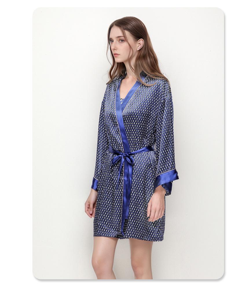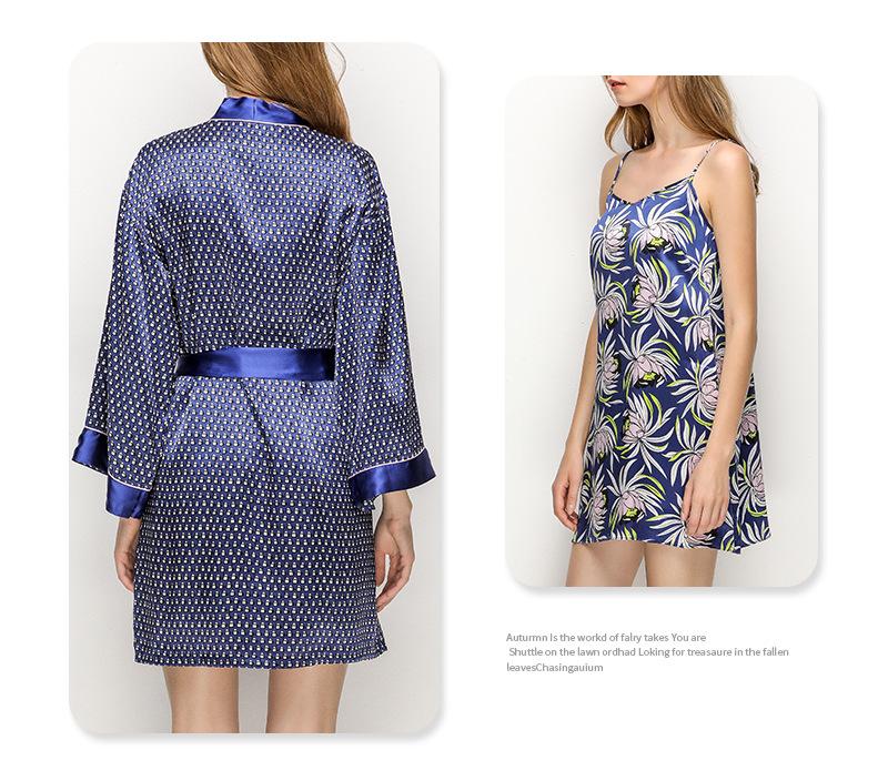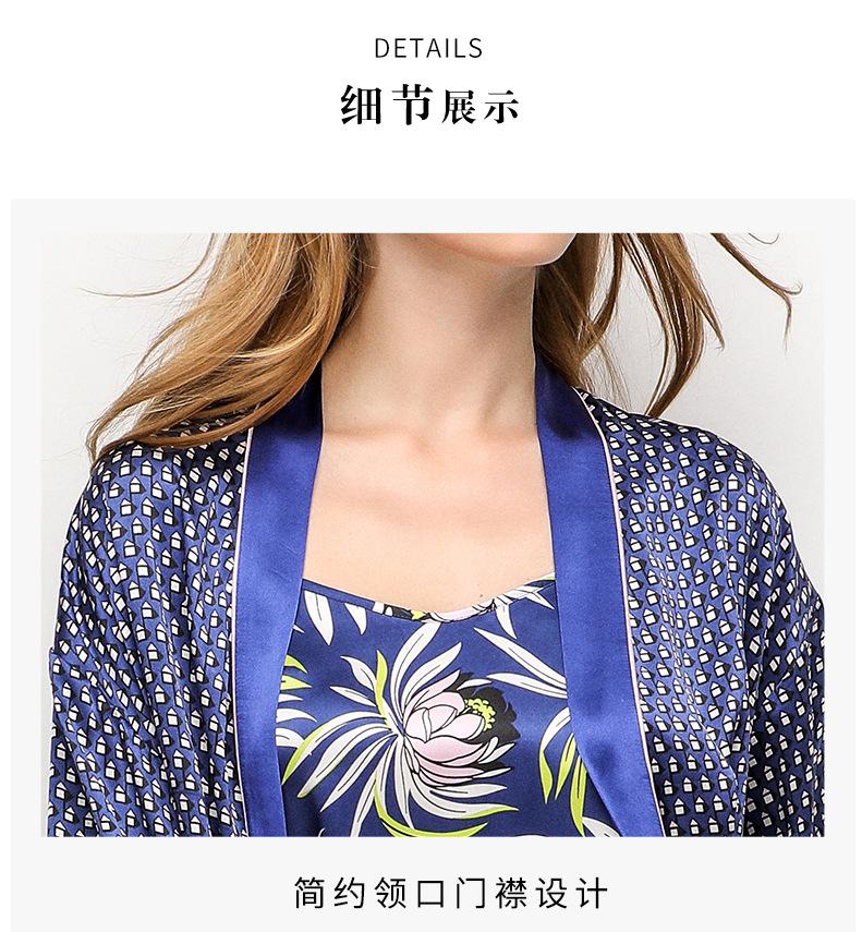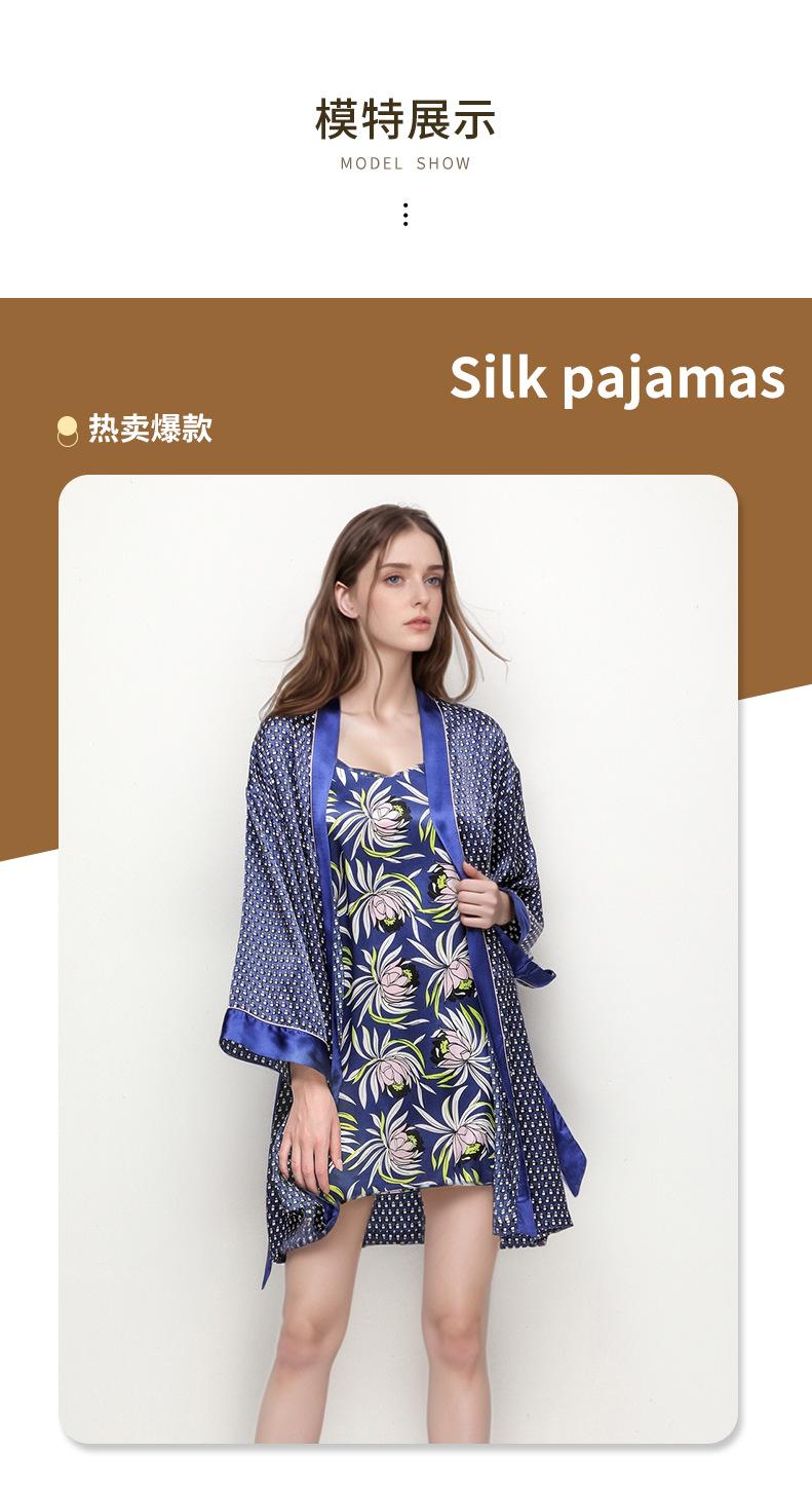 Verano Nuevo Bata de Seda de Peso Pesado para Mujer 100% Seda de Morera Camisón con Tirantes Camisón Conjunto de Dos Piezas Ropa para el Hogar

--

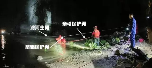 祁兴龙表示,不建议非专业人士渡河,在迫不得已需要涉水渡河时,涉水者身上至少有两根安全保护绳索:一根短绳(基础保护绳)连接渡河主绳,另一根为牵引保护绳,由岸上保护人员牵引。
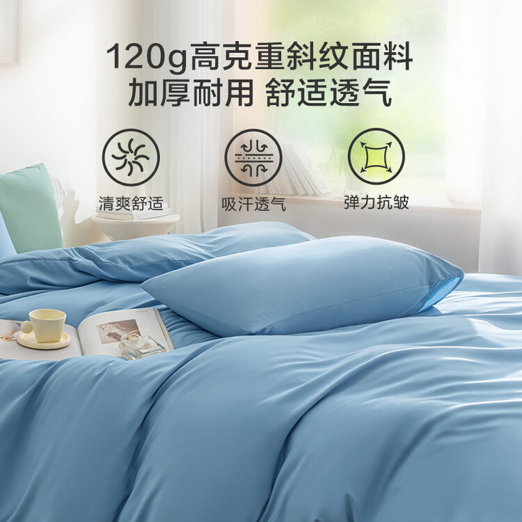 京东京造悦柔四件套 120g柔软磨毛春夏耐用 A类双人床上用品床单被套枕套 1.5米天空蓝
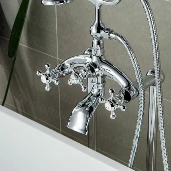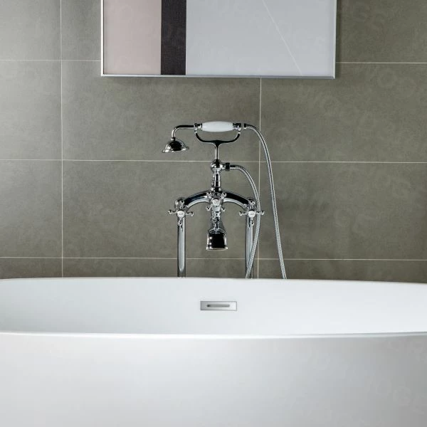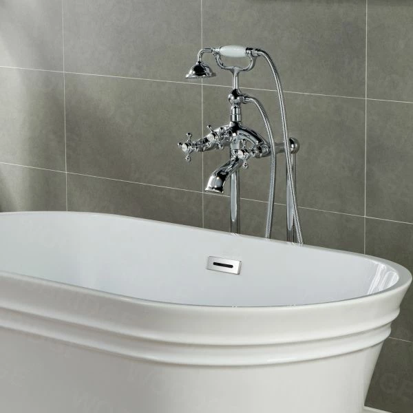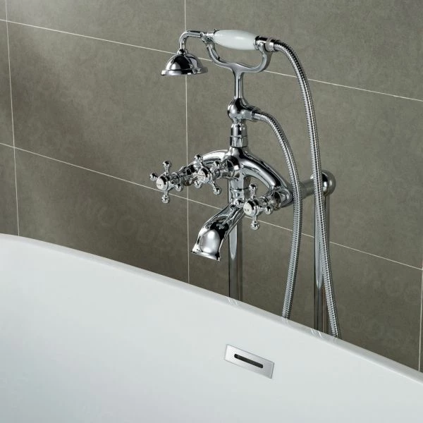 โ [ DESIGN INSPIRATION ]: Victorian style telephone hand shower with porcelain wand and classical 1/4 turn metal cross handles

> [INSTRUCTIONS FOR THE TASK]:
Take the lines above starting at the one containing "京东京造悦柔四件套 120g柔软磨毛春夏耐用 A类双人床上用品床单被套枕套" and ending at the one containing "โ [ DESIGN INSPIRATION", and print them again exactly, without pictures.

> [EXPECTED ANSWER]:
 京东京造悦柔四件套 120g柔软磨毛春夏耐用 A类双人床上用品床单被套枕套 1.5米天空蓝
 โ [ DESIGN INSPIRATION ]: Victorian style telephone hand shower with porcelain wand and classical 1/4 turn metal cross handles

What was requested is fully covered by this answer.